Hundreds of thousands of Chinese who fought for the North in the Korean war regarded Kim Il Sung as a 'comrade in arms', but younger leaders who have transformed the Chinese economy considered him a dinosaur. His failure to heed Peking's advice and adapt his policies not only held North Korea back, but was bad for the image of the dwindling band of Communist states, in their view.

'In the 1950s we used to be close friends with North Korea,' a taxi driver told a Western reporter. 'But North Korea has become a backward country and fallen behind China. You never see North Korean goods in the shops, but they are full of goods from South Korea. We do not want relations with countries that have nothing to give us. We want something in return.'

Despite protestations of solidarity with Pyongyang, China established diplomatic relations with South Korea in 1992, and forced the impoverished North to pay for an increasing proportion of its imports in hard currency. Chinese impatience was heightened by Kim Il Sung's intransigent nuclear stance, which threatened to leave it isolated in the UN Security Council.
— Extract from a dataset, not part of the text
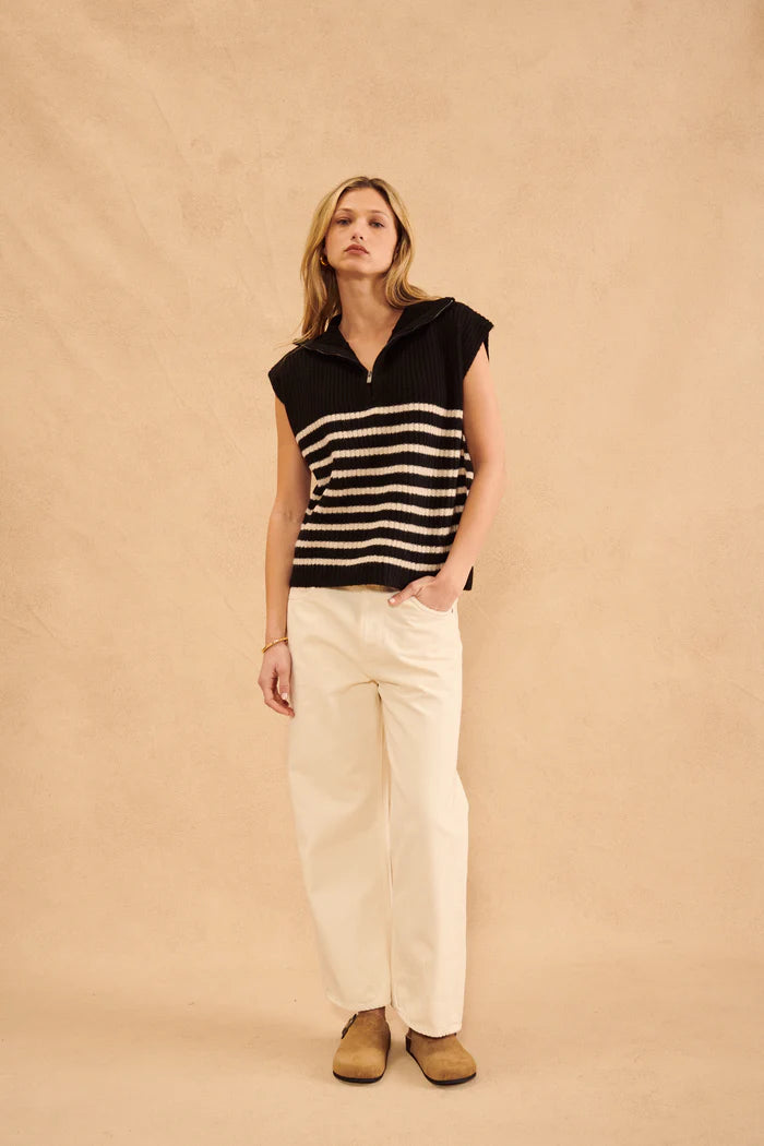 Stay warm and stylish this fall with the Otto Pullover. This 1/4 zip vest is perfect for cooler weather and the trendy stripes add a touch of flair to your outfit.

Peking appeared to be on the point of allowing a sanctions vote to go ahead when the regime agreed to talks with the US, now suspended because of the dictator's death.

A recent South Korean study concluded that for the time being China was likely to pursue 'equidistant' diplomacy between the two halves of the peninsula, 'by trying to expand economic links with the South on the one hand and on the other to continue to maintain existing political and military ties with the North unharmed'. It was notable that even at the height of the nuclear crisis, senior North Korean military delegations were being welcomed in Peking - if there is a military challenge to Kim Jong Il, as many believe will happen at some point, China will probably be the only country aware of who the main players are, let alone having any chance of influencing them.

Peking's main interest, however, is to ensure the stability of the new regime in Pyongyang. For the moment it appears that the younger Kim has secured the succession, and China will support him whatever its misgivings.